Okay, that makes sense. So apps run with the launcher are basically executed in a chrooted Linux container, or whatever the MaidSafe equivalent of that is?

The system is pretty big and some of the thread discussions are quite specific. The Crust library is responsible for connections between nodes. To give this some context the network stack is demonstrated here.

In terms of the networks capabilities, it is possible to run any web service possible on the current Internet: VOIP, streaming sites, exchanges, storage, social networks…etc…on the SAFE Network. The difference being that the infrastructure is decentralised and privacy and security and user control over their own data is the default setting.


Yeah, I think that’s partly why I’m having so much trouble wrapping my head around the whole thing. MaidSafe seems to be a fairly complex system with a lot of interconnected components; so even with all the reading I’ve done so far it’s still difficult for me to see how all the pieces fit together.

I guess what I’m really trying to ask is, laying aside all the implementation details for now, what specific abstractions does MaidSafe provide to me as an application developer? Based on my current understanding of the platform, I believe that MaidSafe provides my application access to the following resources:

  1. Access to the underlying MaidSafe network. This network is an overlay network built on top of the internet, and behaves very much like the internet itself. Every node and every piece of data on the network has it’s own unique 512-bit address (which also doubles as a public key?). If I have an address, I can send messages to the node associated with that address (just like TCP/IP on the regular internet), or retrieve the data associated with that address. All connections on the MaidSafe network are encrypted (only the message receiver can decrypt), and private (no third parties can find out what node I’m talking to or what data I’m retrieving). (If this is all true, big :+1: for that.)
  2. Exclusive access to an initially empty filesystem that my application can use however it likes. This filesystem is private and stored on the MaidSafe network.
  3. Optionally, with the user’s permission, access to files or directories on the user’s personal storage space on the MaidSafe network.
  4. Computational resources on the network… somehow? :confused: I don’t really get how this works or what exactly it lets me do. An explanation would be appreciated.
  5. Maybe some kind of DNS-style directory for helping me find other users or files on the network? :neutral_face: I don’t really get how in that example of a chat application both users were able to find each other, even though they both only knew each other’s username. Or did that employ a distributed database of some kind, shared by all users on the network? I’m not really sure.
  6. Maybe other stuff I’m missing? Or does that about cover it?

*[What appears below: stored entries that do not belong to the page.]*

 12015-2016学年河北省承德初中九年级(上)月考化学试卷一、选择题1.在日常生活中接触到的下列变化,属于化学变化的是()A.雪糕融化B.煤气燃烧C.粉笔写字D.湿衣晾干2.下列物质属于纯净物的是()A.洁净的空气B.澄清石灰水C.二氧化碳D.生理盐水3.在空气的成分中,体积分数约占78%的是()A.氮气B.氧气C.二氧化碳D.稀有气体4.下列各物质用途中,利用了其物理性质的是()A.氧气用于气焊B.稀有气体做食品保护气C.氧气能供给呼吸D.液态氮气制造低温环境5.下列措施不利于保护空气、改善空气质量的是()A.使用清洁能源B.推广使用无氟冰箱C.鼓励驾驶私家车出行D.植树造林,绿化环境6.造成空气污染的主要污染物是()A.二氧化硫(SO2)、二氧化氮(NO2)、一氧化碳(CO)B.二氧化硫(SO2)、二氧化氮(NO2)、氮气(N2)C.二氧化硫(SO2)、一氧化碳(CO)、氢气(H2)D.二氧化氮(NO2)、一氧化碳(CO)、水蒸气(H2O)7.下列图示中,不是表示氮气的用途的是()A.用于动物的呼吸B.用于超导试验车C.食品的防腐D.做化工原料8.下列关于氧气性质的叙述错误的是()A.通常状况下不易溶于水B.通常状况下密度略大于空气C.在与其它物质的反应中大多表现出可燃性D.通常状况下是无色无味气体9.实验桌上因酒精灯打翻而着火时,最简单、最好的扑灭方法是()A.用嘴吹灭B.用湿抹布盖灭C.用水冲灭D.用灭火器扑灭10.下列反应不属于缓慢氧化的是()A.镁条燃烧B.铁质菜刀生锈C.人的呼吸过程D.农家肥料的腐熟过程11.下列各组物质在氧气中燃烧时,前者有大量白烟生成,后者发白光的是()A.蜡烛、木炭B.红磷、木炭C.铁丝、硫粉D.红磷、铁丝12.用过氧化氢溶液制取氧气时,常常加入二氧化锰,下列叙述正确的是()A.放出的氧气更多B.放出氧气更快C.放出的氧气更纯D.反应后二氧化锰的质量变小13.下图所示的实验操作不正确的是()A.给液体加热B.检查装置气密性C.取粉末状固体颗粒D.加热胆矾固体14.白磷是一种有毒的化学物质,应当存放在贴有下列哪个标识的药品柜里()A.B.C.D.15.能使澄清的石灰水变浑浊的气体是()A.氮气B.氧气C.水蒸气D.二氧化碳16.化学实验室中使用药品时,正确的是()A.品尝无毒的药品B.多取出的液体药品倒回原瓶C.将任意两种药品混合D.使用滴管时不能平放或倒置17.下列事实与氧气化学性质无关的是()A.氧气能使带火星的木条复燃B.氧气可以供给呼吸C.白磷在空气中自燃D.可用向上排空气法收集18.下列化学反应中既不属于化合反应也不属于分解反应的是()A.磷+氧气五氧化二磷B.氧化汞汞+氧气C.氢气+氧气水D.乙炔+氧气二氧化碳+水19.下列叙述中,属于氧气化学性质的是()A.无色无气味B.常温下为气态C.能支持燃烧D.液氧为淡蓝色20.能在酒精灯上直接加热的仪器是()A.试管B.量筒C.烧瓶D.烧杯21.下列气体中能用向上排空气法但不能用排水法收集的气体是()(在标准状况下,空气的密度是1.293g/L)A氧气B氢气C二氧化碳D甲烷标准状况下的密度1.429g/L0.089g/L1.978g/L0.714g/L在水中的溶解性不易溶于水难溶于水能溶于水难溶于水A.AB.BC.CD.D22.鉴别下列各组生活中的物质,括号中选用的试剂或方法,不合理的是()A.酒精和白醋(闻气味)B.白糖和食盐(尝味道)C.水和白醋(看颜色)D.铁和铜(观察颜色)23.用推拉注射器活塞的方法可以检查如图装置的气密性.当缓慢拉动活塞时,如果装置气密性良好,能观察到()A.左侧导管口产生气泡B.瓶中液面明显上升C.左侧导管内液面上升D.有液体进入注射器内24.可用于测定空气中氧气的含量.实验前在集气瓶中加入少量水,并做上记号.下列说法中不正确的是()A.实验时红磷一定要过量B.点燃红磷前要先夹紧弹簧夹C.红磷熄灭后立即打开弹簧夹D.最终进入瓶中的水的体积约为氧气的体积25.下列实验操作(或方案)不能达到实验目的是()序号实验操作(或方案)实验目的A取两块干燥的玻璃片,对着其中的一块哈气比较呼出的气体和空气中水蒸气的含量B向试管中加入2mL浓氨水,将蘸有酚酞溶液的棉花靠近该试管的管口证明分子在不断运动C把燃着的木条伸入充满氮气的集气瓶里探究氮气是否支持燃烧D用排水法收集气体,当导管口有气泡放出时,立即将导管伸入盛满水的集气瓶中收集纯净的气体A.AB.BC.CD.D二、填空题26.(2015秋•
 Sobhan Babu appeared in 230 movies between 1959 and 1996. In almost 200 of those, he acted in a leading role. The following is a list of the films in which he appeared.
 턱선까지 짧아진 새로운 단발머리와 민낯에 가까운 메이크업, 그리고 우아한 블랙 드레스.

Is all that accurate? I think I’m starting to understand the vision here, but I’m still having a bit of trouble understanding exactly what MaidSafe really is. The abstract description on the home page saying “MaidSafe is a fully decentralized platform on which application developers can build decentralized applications” is probably accurate, but it’s difficult to understand all that that implies without a better understanding of the specific capabilities MaidSafe provides to applications.